Poésies complètes (Le Goffic)/Préface


PRÉFACE

DE LA PREMIÈRE ÉDITION




On a réuni ici les vers publiés par l’auteur, de 1889 à 1903, sous les titres d’Amour breton, du Bois Dormant et du Pardon de la reine Anne ; on y a joint, sous le titre suffisamment élastique d’Impressions et Souvenirs, quelques pièces nouvelles sans lien très apparent et dont plusieurs sont de simples pièces de circonstance.

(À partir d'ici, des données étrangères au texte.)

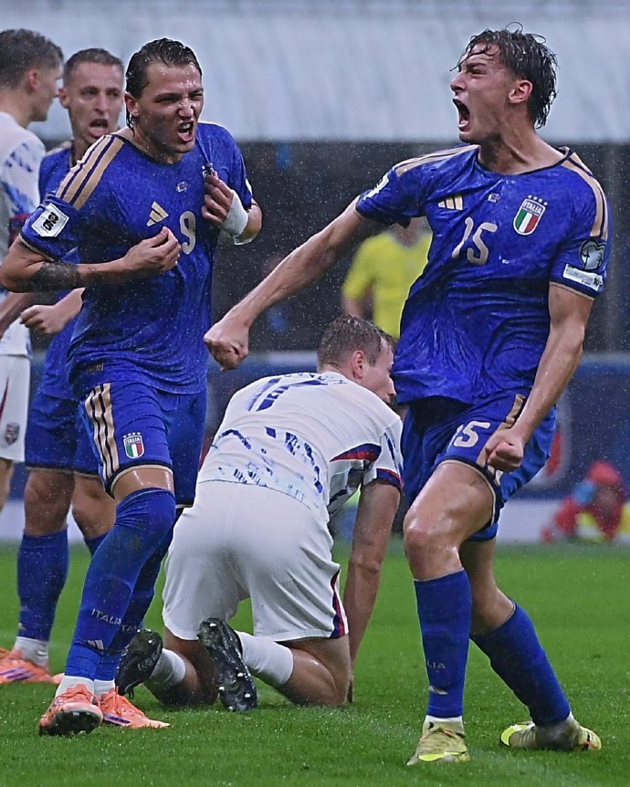 意大利需要一场净胜9球的大胜才能晋级世界杯,挪威只要不超过丢球数依然是小组第一;为此他们只需要将精力放在了防守上。第7分钟,迪洛伦佐右侧肋部传中,迪马尔科禁区内迎球抽射,皮球偏出立柱;第11分钟,雷特吉回敲,迪马尔科再传,皮奥-埃斯波西托倚住防守接球转身破门一气呵成,1:0!这是埃斯波西托在梅阿查的首粒进球,他此前代表国米的2粒进球是在客场打进的。

Et tout cela bout à bout ne fait pas un bien gros recueil : la poésie est un luxe pour certains. Il n’y a pas lieu de s’en plaindre en l’espèce, puisque, tout léger qu’est ce livre, l’auteur eût souhaité le réduire encore. S’il ne s’y est pas décidé, c’est moins par faiblesse paternelle que pour obéir au vœu de quelques personnes qui désiraient avoir un texte complet et fidèle du premier de ses poèmes, Amour breton, depuis longtemps introuvable et qu’une page merveilleuse de M. Anatole France recommandait à leur attention. L’indulgente sympathie d’un tel maître lui servira de caution près des uns et d’excuse près des autres.

Par ailleurs, il sait très bien tout ce qu’a de trouble, d’indéfini et quelquefois de contradictoire la sensibilité qui s’exprime ici. S’il a pu çà et là, comme l’en louait M. Charles Maurras, donner « à l’incertitude des choses une voix précise, une voix classique et latine », c’est peut-être que, du côté maternel, une lointaine ascendance italienne travaillait à discipliner en lui les élans du Celte : elle n’a pas supprimé le Celte et il n’y paraît que trop. Qu’y faire ? Il faut savoir se résigner à être de sa race.

L’auteur ose donc se réclamer de la sienne près du lecteur. « La pure, l’inimitable note celtique », pour parler comme Matthew Arnold, ne s’est pas tue avec Taliésin et Lywarc’hen. Elle sonne encore chez nos bardes. Mais elle est inséparable de la langue et peut-être de l’atmosphère bretonnes : sous un autre ciel, dans un autre idiome, sa monotonie devient vite fatigante. Il en est de cette note presque continûment élégiaque comme du motet en l’honneur de saint Patrice dont les moines irlandais ne pouvaient se rassasier et qui avait « sons si clers et si doux » que le saint lui-même descendait du paradis pour mieux l’ouïr. Or, un jour que le chœur des moines reprenait pour la troisième fois la prestigieuse rengaine, un profane demanda en bâillant : « Est-ce que vraiment vous ne savez pas d’autres chansons ? » Sur quoi, dit la légende, le charme se dissipa, les moines demeurèrent bouche bée et Patrice s’en fut fort mécontent.

Une mésaventure analogue attend, peut-être, près des lecteurs français l’auteur des petits poèmes en mineur qu’on va lire et qui ne sont qu’un écho affaibli, une variante personnelle et moderne de l’éternel gemitus Britonum. Les uns bâilleront ; les autres souriront. Mais deux ou trois peut-être, chez qui s’est conservé le goût romantique des larmes, feront comme les amis des beggards dont parle Michelet et, « fuyant les cathédrales, s’en viendront furtivement, le dimanche, surprendre aux caves ce petit chant qui fait pleurer ».